I closed my eyes. I remembered the sound of the baby’s breathing, her beating heart. I held them in my mind, went on listening to them. I touched my heart and I felt the baby’s heart beating beside my own. Traffic roared past, Dad sniffed back his tears. I stayed dead silent, and concentrated on keeping the baby safe.
Twenty-six
‘There it is,’ said Mina. ‘Archaeopteryx. The dinosaur that flew.’
She laid the heavy encyclopedia on the grass beneath the tree. We looked down at the clumsy creature. It was perched on a thorny branch. Beyond it, volcanoes belched flames and smoke. The great land-bound creatures — diplodocus, stegosaurus — lurched across a stony plain.
‘We believe that dinosaurs became extinct,’ said Mina. ‘But there’s another theory, that their descendants are with us still. They nest in our trees and our attics. The air is filled with their songs. The little archaeopteryx survived, and began the line of evolution that led to birds.’
She touched the short, stunted wings.
‘Wings and feathers, see? But the creature was a heavy, bony thing. Look at the clumsy, leaden tail. It was capable of nothing but short, sudden flights. From tree to tree, stone to stone. It couldn’t rise and spiral and dance like birds can now. No pneumatisation.’
I looked at her.
‘Do you remember nothing?’ she said. ‘Pneumatisation. The presence of air cavities in the bones of birds. It is this which allows them free flight.’
The blackbird flew from the tree above us and dashed into the sky.
‘If you held the archaeopteryx,’ she said, ‘it would be almost as heavy as stone in your hand. It would be almost as heavy as the clay models I make.’
I looked into Mina’s dark eyes. They were wide open, expectant, like she wanted me to see something or say something. I thought of the baby in my lap, of Skellig slung between Mina and me. I thought of his wings and of the baby’s fluttering heart.
‘There’s no end to evolution,’ said Mina.
She shuffled closer to me.
‘We have to be ready to move forward,’ she said. ‘Maybe this is not how we are meant to be for ever.’
She took my hand.
‘We are extraordinary,’ she whispered.
She looked deep into me.
‘Skellig!’ she whispered. ‘Skellig! Skellig!’
I stared back. I didn’t blink. It was like she was calling Skellig out from somewhere deep inside me. It was like we were looking into the place where each other’s dreams came from.
And then there was sniggering and giggling. We looked up, and there were Leakey and Coot, standing on the other side of the wall, looking down at us.
Twenty-seven
‘What’s wrong with you?’ they kept asking. ‘What’s bloody wrong with you?’
I was hopeless.
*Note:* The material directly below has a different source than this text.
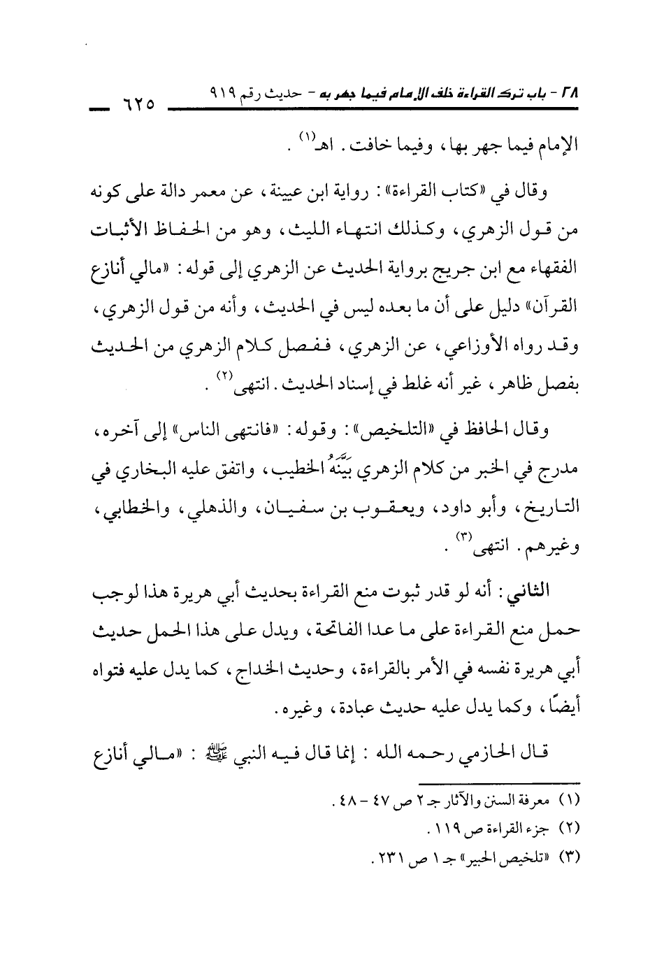 الثاني: أنه لو قدر ثبوت منع القراءة بحديث أبي هريرة هذا لوجب حمل منع القراءة على ما عدا الفاتحة، ويدل على هذا الحمل حديث أبي هريرة نفسه في الأمر بالقراءة، وحديث الخداج، كما يدل عليه فتواه أيضًا، وكما يدل عليه حديث عبادة، وغيره.

I couldn’t tackle. I missed the ball by a mile when I jumped up to head it. When I had the ball at my feet I stumbled all over the place. I fell over it once and skinned my elbow on the kerb. I felt shaky and wobbly and I didn’t want to be doing this, playing football in our front street with Leakey and Coot while Mina sat in the tree with a book in her lap and stared and stared.
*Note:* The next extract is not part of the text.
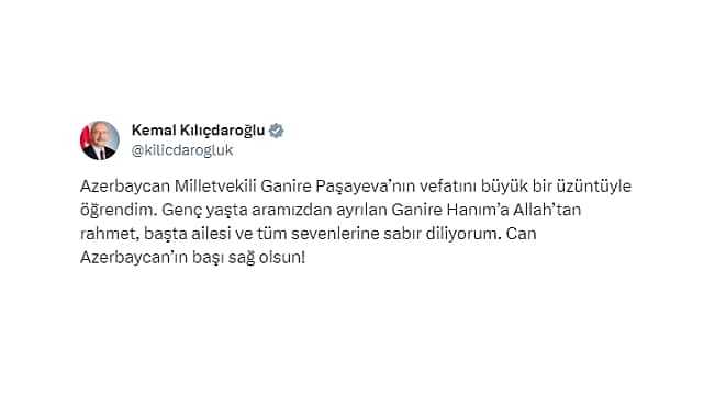 CHP Genel Başkanı Kemal Kılıçdaroğlu, bu akşam hayatını kaybeden Azerbaycan Milletvekili Ganire Paşayeva için; "Azerbaycan Milletvekili Ganire Paşayeva’nın vefatını büyük bir üzüntüyle öğrendim. Genç yaşta aramızdan ayrılan Ganire Hanım’a Allah’tan rahmet, başta ailesi ve tüm sevenlerine sabır diliyorum. Can Azerbaycan’ın başı sağ olsun" açıklamasını yaptı.

‘It’s cos he’s been ill,’ said Leakey.
‘Bollocks,’ said Coot. ‘He’s not been ill. He’s just been upset.’
He watched me trying to flick the b
all up on to my head.
It bounced off my knee and bobbed into the gutter.
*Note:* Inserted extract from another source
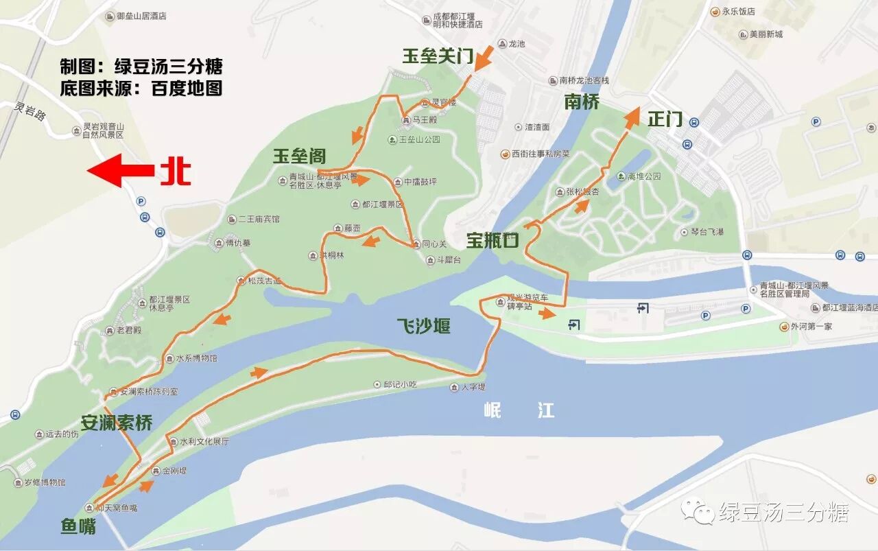 都江堰有好几个门,如果要设计一条可以贯穿所有景观的完美路线,大家就不要从北门进了。最好从”南桥”北侧的玉垒山门进,走右边上山先登玉垒阁,然后步行下山(不建议坐扶梯),过安澜索桥,依次参观鱼嘴、飞沙堰、宝瓶口、伏龙观,最后从南门出。

‘I’m just out of practice,’ I said.
‘Bollocks,’ he said. ‘It’s just been a week since you could beat anybody in the school.’
‘That’s right,’ said Leakey.
‘It’s her,’ said Coot. ‘Her in the tree. That lass he was with.’
Leakey grinned.
‘That’s right,’ he said.
I shook my head.
‘Bollocks,’ I whispered.
My voice was as shaky as my feet had been.
They stood there sniggering.
‘It’s that lass,’ said Leakey.
‘That lass that climbs in a tree like a monkey,’ said Coot. ‘Her that sits in a tree like a crow.’
‘Bollocks,’ I said.
I looked Leakey in the eye. He’d been my best friend for years. I couldn’t believe he’d go on with this if I looked him in the eye and wanted him to stop.
He grinned.
‘He holds hands with her,’ he said.
‘She says he’s extraordinary,’ said Coot.
‘Get stuffed,’ I said.
I turned away from them, went past our house to the end of the street, turned down towards the back lane. I heard them coming after me. I sat down in the lane with my back against the boarded-up garage. I just wanted them to go away. I wanted them to stay. I wanted to be able to play like I used to. I wanted things to be just the way they used to be.